Overall cooling investigation of the composite platforms considering the anisotropic thermal conductivities and weaving pattern

With advantages such as low densities and high thermal limits, composites were widely applied in aero-engines high-temperature components. However, the thermal analysis methodology of composite components has not been established due to the anisotropic thermal conductivities and weaving characteristics. In this study, the overall cooling investigation of composite platforms with effusion cooling structures was investigated experimentally and numerically. In the experiments, ceramic matrix composites (CMC) and superalloy platforms were studied. Infrared thermography was adopted to gauge the surface temperatures.
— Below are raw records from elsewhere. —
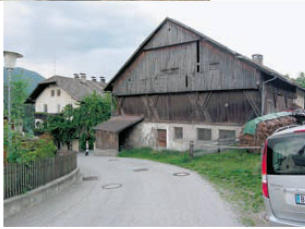
^14_Der alte Stadel gab die Proportionen vor.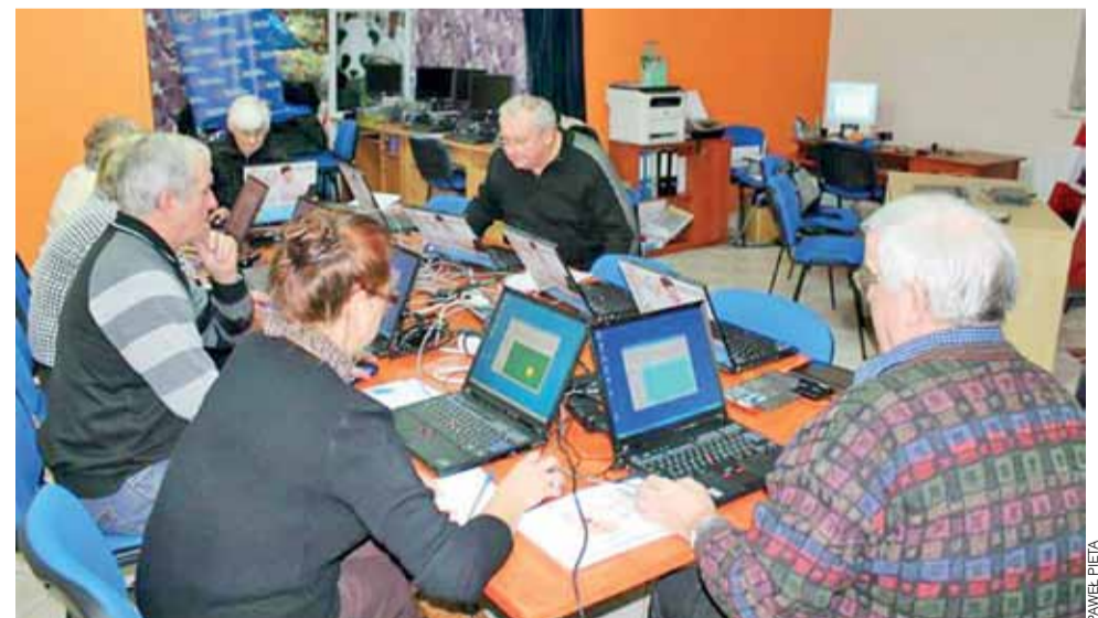
Ta grupa rozpoczęła zajęcia 20 stycznia. Jak zapewnia prowadzący zajęcia, kursanci są zdyscyplinowani i wiedzą, czego chcą się nauczyć.

– Są to głównie osoby w przedziale wiekowym 50-65 lat, chociaż mieliśmy też kursanta 82-letniego, który radził sobie już z komputerem, ponie-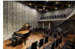
マリーコンツェルト

永田音響設計による音響シュミレーションによって導かれた音楽の為の特別な空間は、100席あまりが収容でき、最高天井高約6.3mのおおらかな音楽空間です。クラシックのコンサートは勿論、その他、ご自由にレイアウト等工夫して頂き、様々なコンサートやイベントなどにお使いいただけるだけでなく、練習や動画撮影のみのご利用も可能です! 料金は用途によって変わりますので、詳しくはホームページからご確認ください。皆様のお越しを心よりお待ちしております。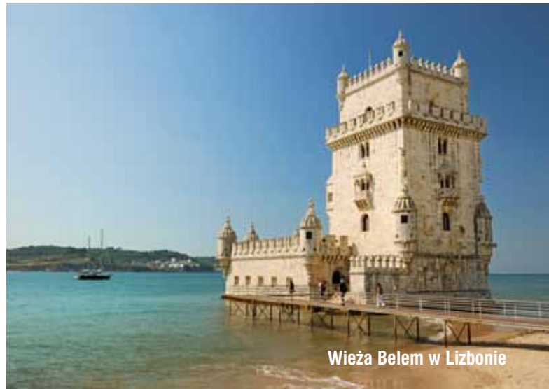
Wieża Belem w Lizbonie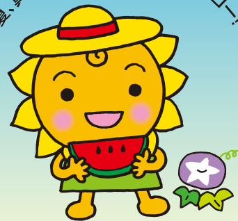
大阪民間共済会キャラクター “きょうちゃん”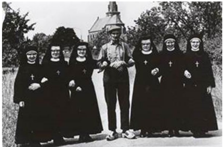
Hier een vader die maar liefst zes dochters in het klooster had !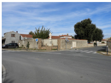
L'oratoire, à l'angle de rues, vu depuis le sud-ouest. IVR52_20188500078NUCA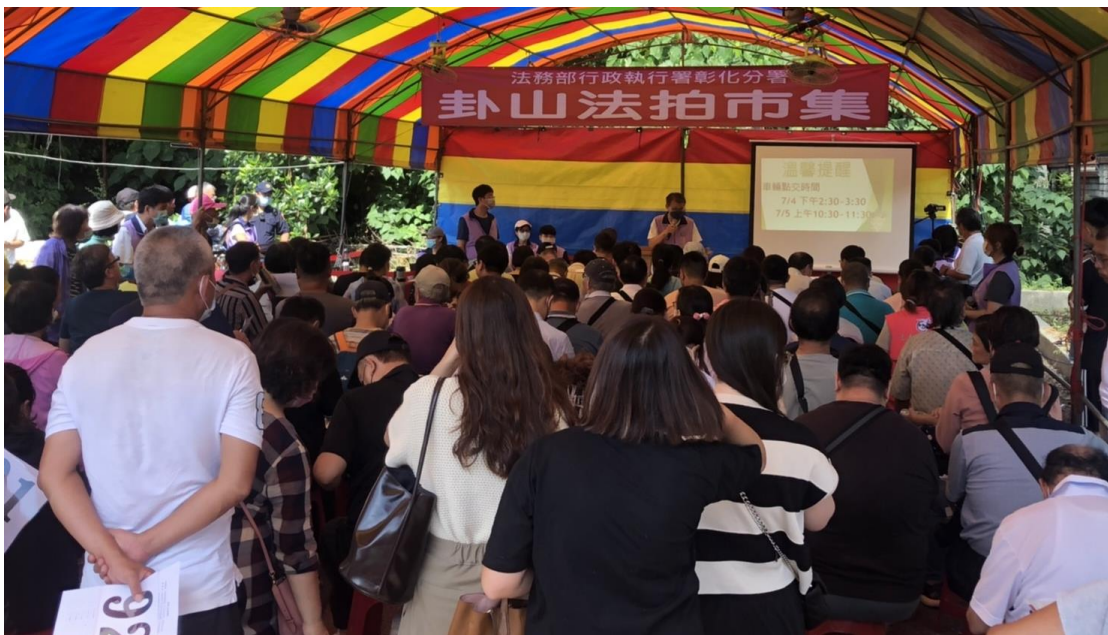
彰化分署「卦山法拍市集」滿滿人潮參與競標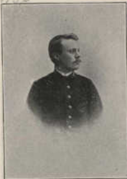
457—135—D. JESÚS DE SAN JUSTO Y SAN CIRIACO.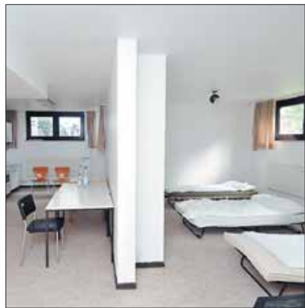
Die erste Nacht im Klappbett kostet acht, alle weiteren vier Euro: Die Notunterkünfte des Studentenwerks sind naturgemäß nicht gerade Luxusquartiere.

Heidelbergs Wohnungsmarkt kann den Erstsemester-Ansturm nicht bewältigen – Das Studentenwerk richtet Notquartiere ein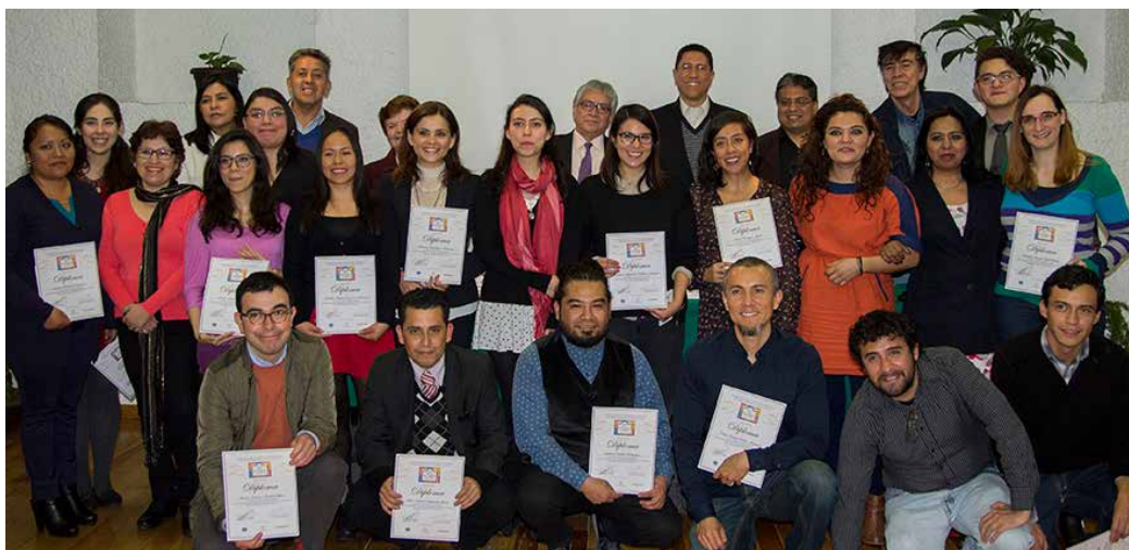
Generación XXVI de alumnos y maestros de la Beca Juan Grijalbo-CONACULTA.

“Creo que la capacitación dentro de la Cámara cumple una función fundamental. Y cada generación que egresa de esta beca nos llena de orgullo y satisfacción. Sobre todo porque quienes imparten el temario es gente con vasta experiencia, quienes

The results showed that the overall cooling effectiveness of the CMC platforms were decreased with the increase of the film hole diameter. Based on composite platforms considering the anisotropic thermal conductivities and weaving pattern, conjugate heat transfer simulations were carried out to study the influence of the film holes geometry and layouts. The results show that the composite platform with a film hole positioned at the weft (Weft-P) provided better lateral cooling expansion. The ratio between the fiber axial thermal conductivity and matrix thermal conductivity affected the overall cooling effectiveness in the near hole region significantly. Compared to the platform with isotropic material, the cooling performance of the composite platform did not significantly respond to the fanshaped hole expansion angle.